张晨端着脸盆进去,里面热气氤氲,房间的正中间,摆着两排条凳,是给人坐的,四周是一排排的木头架子,架子上隔出了一个个方格,没有门,是给人放衣服用的。
张晨找到一个空格,把身上的衣服脱光,放进格子里,端着脸盆去了里间,里间就是淋浴室,和外面的更衣室之间有个门框,但没有门,周围一圈有八九个淋浴龙头,张晨到的时候,里面已经有很多人,每一个淋浴龙头下面,都站着两三个人。
大家无形当中形成了默契,那就是一人在龙头下面冲着的时候,其他人就站在边上等,冲的人很自觉,冲完就让到一边打香皂,把龙头下面的位置让给别人。
头上身上打完香皂,他的眼睛睁不开,不知道周围的情况,这时站在龙头下冲好的人,会说一声你来,他知道轮到自己了,就往那边移动几步,开始冲洗头上的肥皂沫。

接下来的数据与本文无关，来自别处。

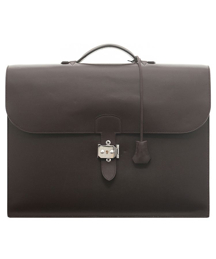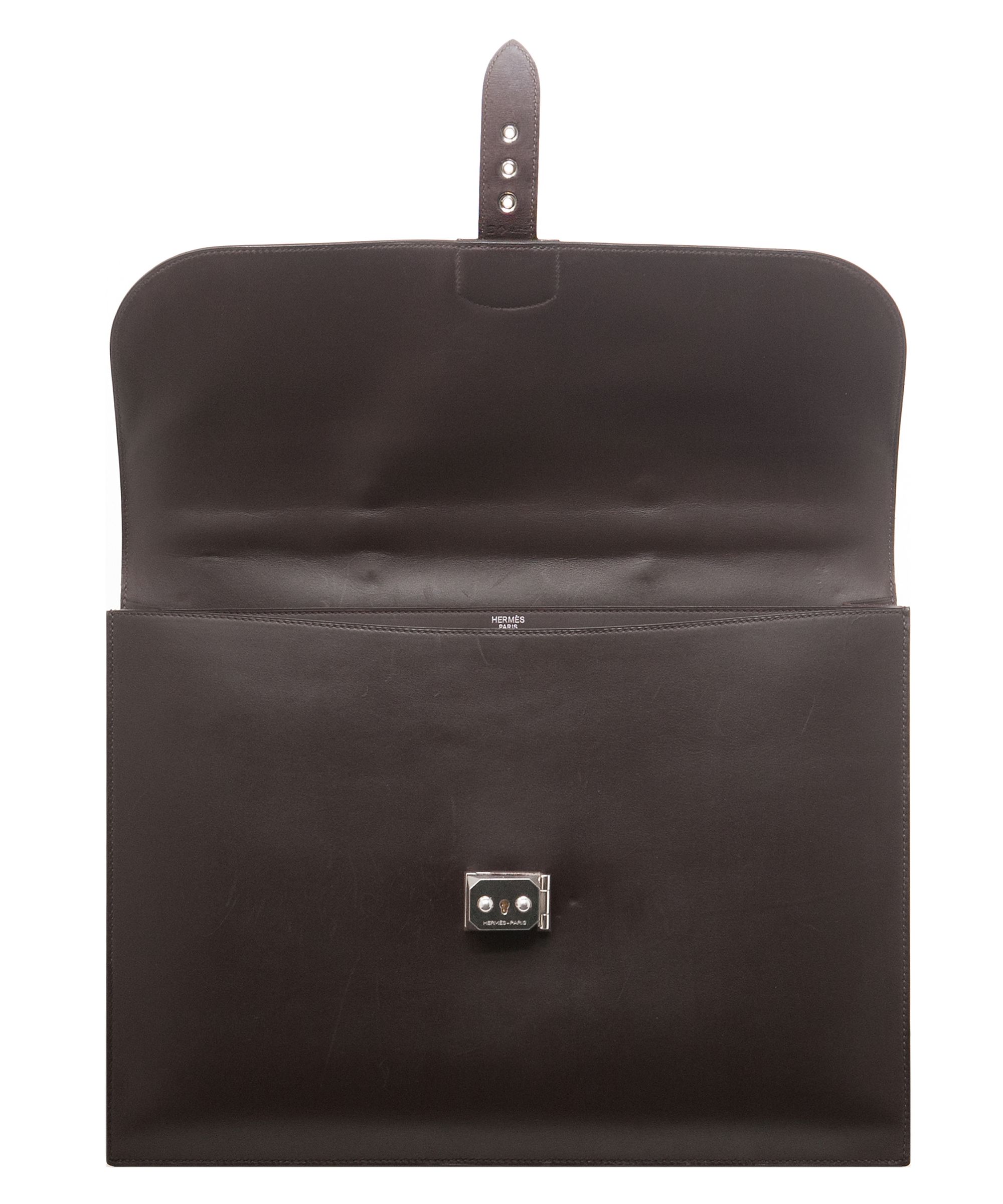 The Hermès Sac à Dépêches Briefcase is perfect for the sophisticated man or woman that needs to store their documents and laptops in style. It has a flap front with unique push lock mechanism made of palladium hardware. It has a divided interior with two side gussets.

张晨看到角落里有个淋浴龙头下,只有一个人,就走过去,站在边上等。
张晨朝四周看看,马上发现了一件有趣的事情,虽然到了浴室,大家都赤条条的,但从每个人的脚上,还是可以看出他们的区别,凡是穿塑胶拖鞋的,都是二楼的旅客,像张晨这样一楼的旅客,脚上的鞋子是木头的。
用一块硬木板裁出大致脚的形状,在木板的前端,用一条两公分左右宽的双轮车的轮胎胶皮,钉了一个半圆形的袢,脚套进去,就是拖鞋了。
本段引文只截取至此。